Bültene göre, ABD ile İngiltere arasında duyurulan sınırlı ticaret anlaşması olumlu bir adım olarak değerlendirilse de küresel ekonomideki genel belirsizliği ortadan kaldırmakta yetersiz kalıyor. ABD Başkanı Trump ve İngiltere Başbakanı Starmer’ın imzaladığı bu anlaşmanın piyasalar üzerinde kısa vadeli bir rahatlama yarattığı ifade ediliyor.
Ticaret anlaşmasına temkinli iyimserlik
Anlaşma kapsamında İngiltere çelik ve alüminyum ihracatında gümrük tarifelerinin kaldırılması ve otomotiv sektöründe sınırlı bir kota tanınması öne çıkarken, A1 Capital analistleri bu gelişmenin küresel ticaret dengeleri üzerindeki etkisinin sınırlı kalacağını öngörüyor.
Özellikle ABD’nin, Çin’e yönelik baskısını artırma hedefiyle bu anlaşmaları stratejik olarak kullandığı vurgulanırken, İngiltere’nin gıda standartlarında geri adım atmaması ve dijital hizmet vergilerini sürdürmesi gibi maddelerin de dikkat çektiği belirtiliyor.
BoE faiz indirimi ve altın piyasasında hareketlilik
A1 Capital, İngiltere Merkez Bankası’nın (BoE) faiz oranlarını 0,25 puan indirerek %4,25’e çekme kararını, ekonomideki yavaşlamaya verilen bir yanıt olarak yorumladı. Ancak kararın, politika yapıcılar arasında ciddi fikir ayrılıklarına neden olduğu ve bu durumun gelecekteki para politikası sinyallerini belirsizleştirdiği ifade edildi.
Bültende ayrıca, Dünya Altın Konseyi’nin verilerine dayanarak, Nisan ayında altın ETF'lerine yapılan güçlü girişlerin piyasalardaki güvenli liman arayışının devam ettiğine işaret ettiği belirtildi. Çin’in bu harekete öncülük etmesi, ABD ile yaşanan ticaret gerilimlerinin etkisinin sürdüğünü gösteriyor.
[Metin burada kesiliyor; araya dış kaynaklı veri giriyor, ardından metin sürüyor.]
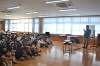 宮古島警察署の佐久田さんを講師に迎えて、講話をしていただきました。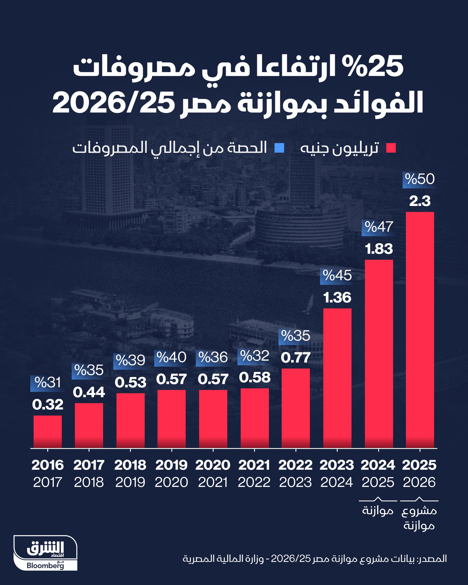 ارتفاع مصروفات فوائد الديون 25% إلى 2.3 تريليون دولار في مشروع موازنة مصر للعام المالي 2025-2026، وتشكل نصف إجمالي المصروفات #اقتصاد_الشرق
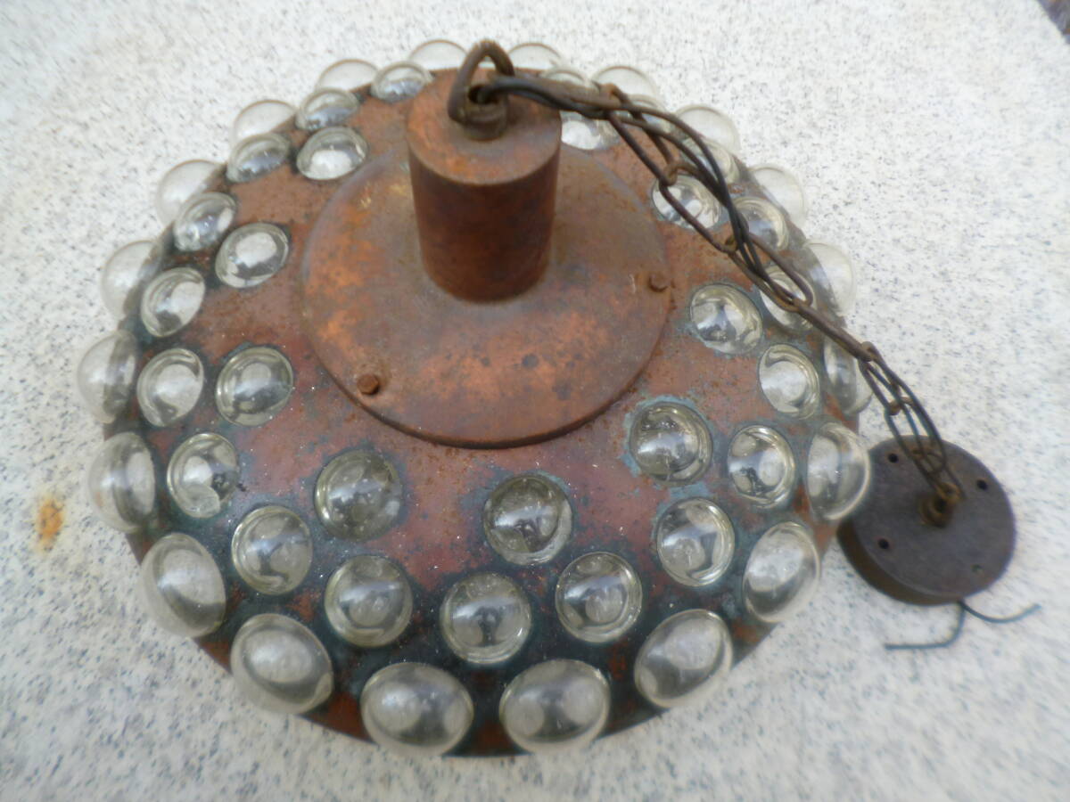 > ■レトロ アンティーク照明 直径37㎝×高さ14㎝(灯具含む21㎝)半円ガラス ヴィンテージ照明 天井吊り下げ ガラス製※点灯未確認です■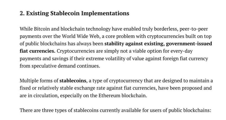白皮书第一部分,叫做「过去的工作」。主要描述了前人对于加密市场的稳定币,以及如何让现实世界中的货币保持稳定的探索。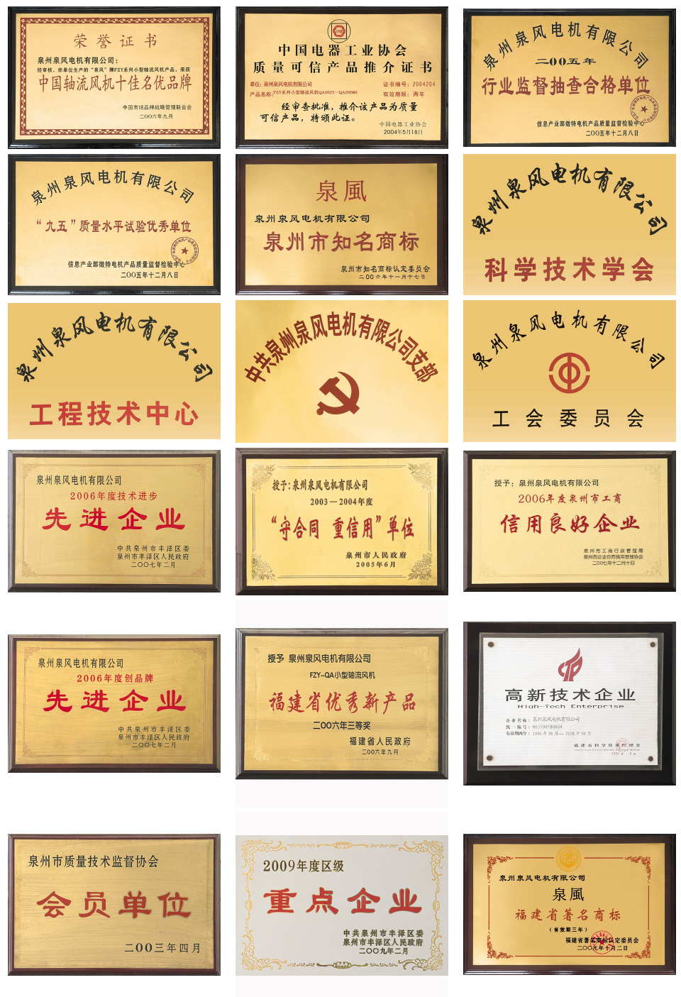 In 2002, it was awarded the title of "top ten reliable brand in fan industry" by China Technology Association

Enerji fiyatları ve merkez bankalarının eli rahatlıyor
A1 Capital, enerji fiyatlarındaki düşüşün özellikle Avrupa’da dezenflasyonist bir etki yarattığını, bunun da Avrupa Merkez Bankası (ECB) ve ABD Merkez Bankası’nın (Fed) faiz indirimi için manevra alanını artırabileceğini ifade etti.
Yatırımcıların küresel görünümdeki karmaşık tabloya rağmen, merkez bankalarının olası destek hamlelerini göz önünde bulundurarak hareket ettiği vurgulandı. Özellikle jeopolitik riskler, ticaret politikaları ve merkez bankası kararları piyasa yönü açısından belirleyici olacak.